Margaret Letham

Personal information
- Nationality: British (Scottish)
- Born: 21 June 1956 (age 70)

Sport
- Sport: Bowls
- Club: Burbank Hamilton BC (outdoors) Blantyre Miners Welfare (indoors)

Medal record
Representing Scotland
Women's bowls
World Outdoor Championships
| Gold medal – first place | 2000 Moama | Pairs |
| Gold medal – first place | 2012 Adelaide | Fours |
| Bronze medal – third place | 1996 Leamington Spa | Team |
| Bronze medal – third place | 2000 Moama | Team |
| Bronze medal – third place | 2004 Leamington Spa | Singles |
| Bronze medal – third place | 2012 Adelaide | Pairs |
| Bronze medal – third place | 2012 Adelaide | Team |
Commonwealth Games
| Gold medal – first place | 1998 Kuala Lumpur | Pairs |
Atlantic Championships
| Gold medal – first place | 1999 Cape Town | Pairs |
| Gold medal – first place | 2007 Ayr | Pairs |
| Gold medal – first place | 2009 Johannesburg | Pairs |
| Gold medal – first place | 2011 Paphos | Pairs |
| Silver medal – second place | 1999 Cape Town | Singles |
| Silver medal – second place | 2005 Bangor | Pairs |
| Silver medal – second place | 2005 Bangor | Fours |
British Isles Championships
| Gold medal – first place | 2022 Landrindod Wells | singles |

= Margaret Letham =

British lawn bowler

Margaret Elizabeth Letham (born 21 June 1956) is a female lawn and indoor bowler.
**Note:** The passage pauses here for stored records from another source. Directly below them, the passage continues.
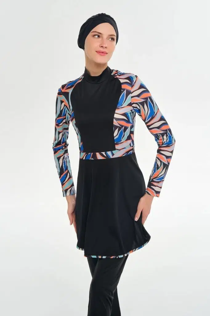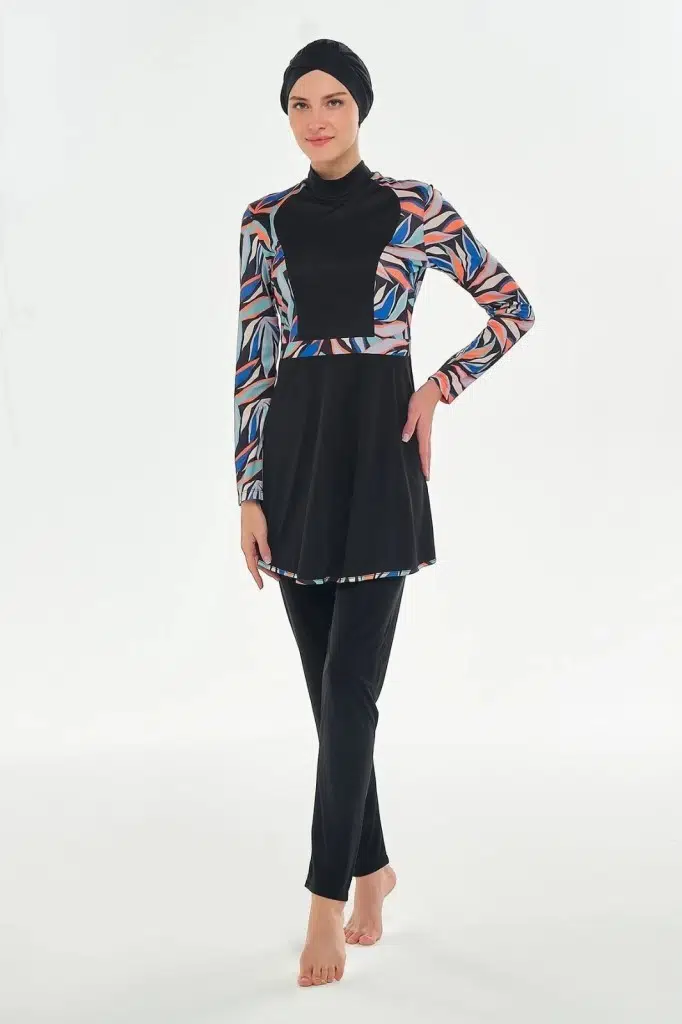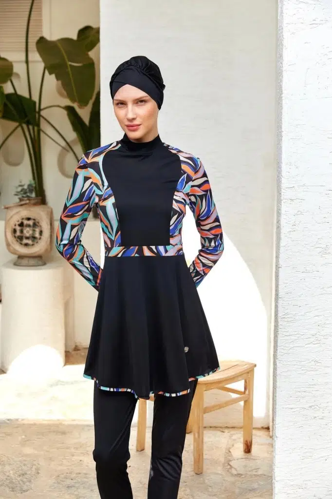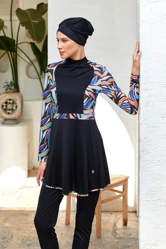Rozamay 253117 Halle Siyah Tam Boy Lycralı Dijital Desen Tesettür Mayo
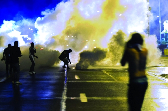 ووقف ضباط يحملون الدروع وسط العربات المصفحة. وأعلن حاكم ميزوري جاي نيكسون حالة الطوارئ، وفرض حظر التجول في فيرجسون بسبب احتجاجات ذات دوافع عرقية وأعمال نهب بعد مقتل مايكل براون (18 عاماً) برصاص ضابط الشرطة دارين ويلسون (28 عاماً) في مقاطعة سانت لويس في التاسع من أغسطس الجاري.
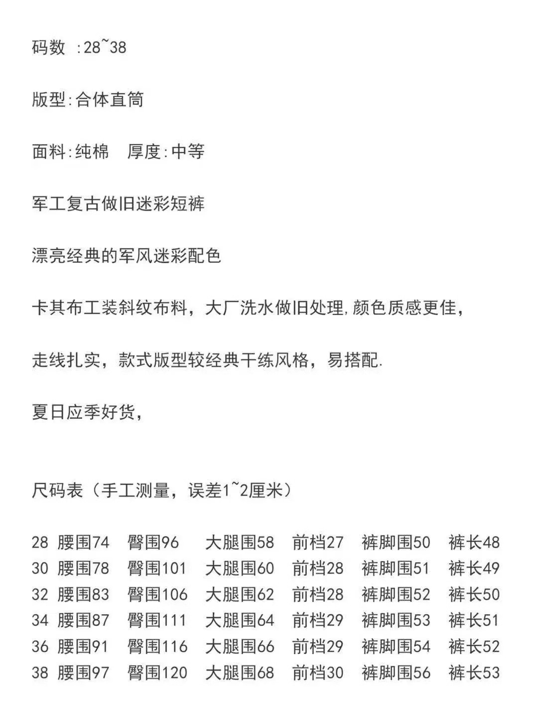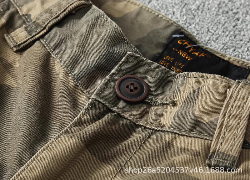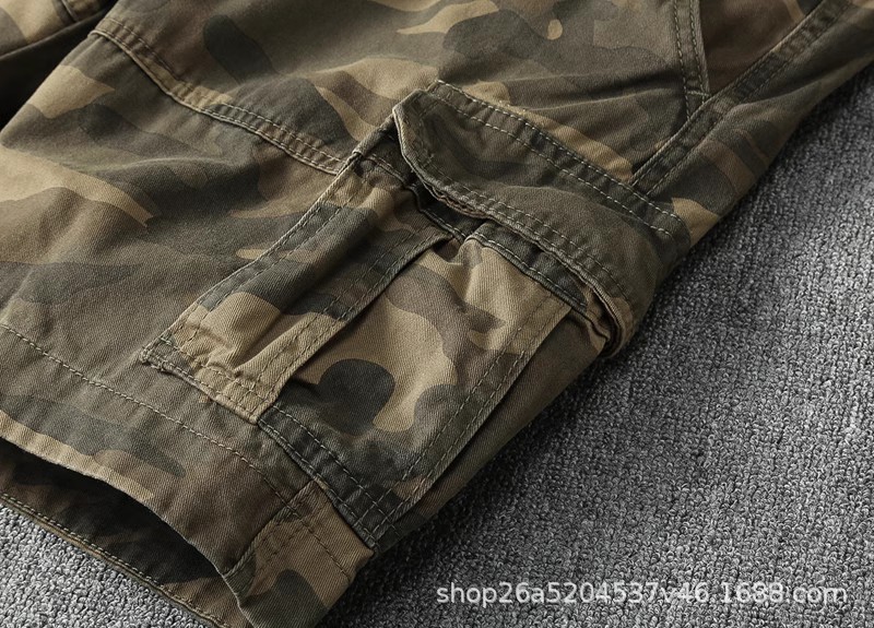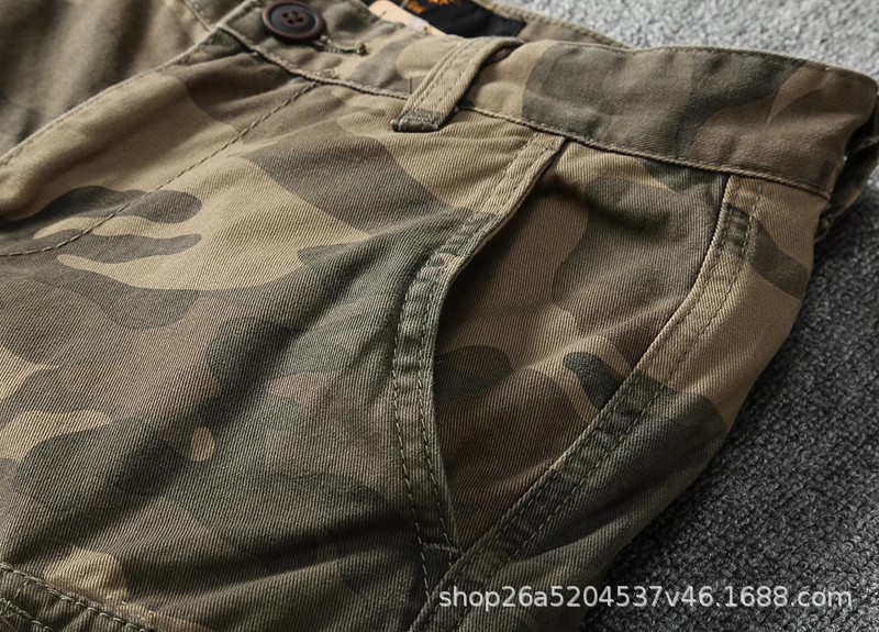 유럽과 미국의 레트로 남성 야외 느슨한 멀티 포켓 스포츠 위장 작업복 반바지 스트레이트 5 점 바지 여름스토어 가기

From Hamilton, South Lanarkshire, in Scotland and started bowling at the age of 15.

== Bowls career ==
=== World Outdoor Championships ===
Letham has won medals at four World Outdoor Championships. Starting with a pairs gold with Joyce Lindores in 2000 in Moama, Australia, and then a singles bronze four years later in Leamington Spa. The third medal came eight years later when she was part of the four that won gold in Adelaide, the four consisted of Letham, Caroline Brown, Lynn Stein and Michelle Cooper. At the same event she also won the pairs bronze partnering Claire Johnston.

=== Commonwealth Games ===
She won gold medal at the 1998 Commonwealth Games in Kuala Lumpur, Malaysia and had competed in five consecutive Commonwealth Games for Scotland from 1998 until 2014.

=== International ===
In 1999 she won the singles silver medal and pairs gold medal at the Atlantic Bowls Championships.

Six years later in 2005, she won the pairs and fours silver medals at the Championships and in 2007 she a second pairs gold medal at the Championships. In 2009 she won her third pairs gold medal before winning a fourth pairs gold medal (and seventh medal in total) at the 2011 Championships in Paphos.

In 2008, she won the Hong Kong International Bowls Classic singles title.

=== National ===
Letham has won the Scottish National Bowls Championships singles title on two occasions in 1999 and 2019. In 2022, she won the women's singles at the British Isles Bowls Championships.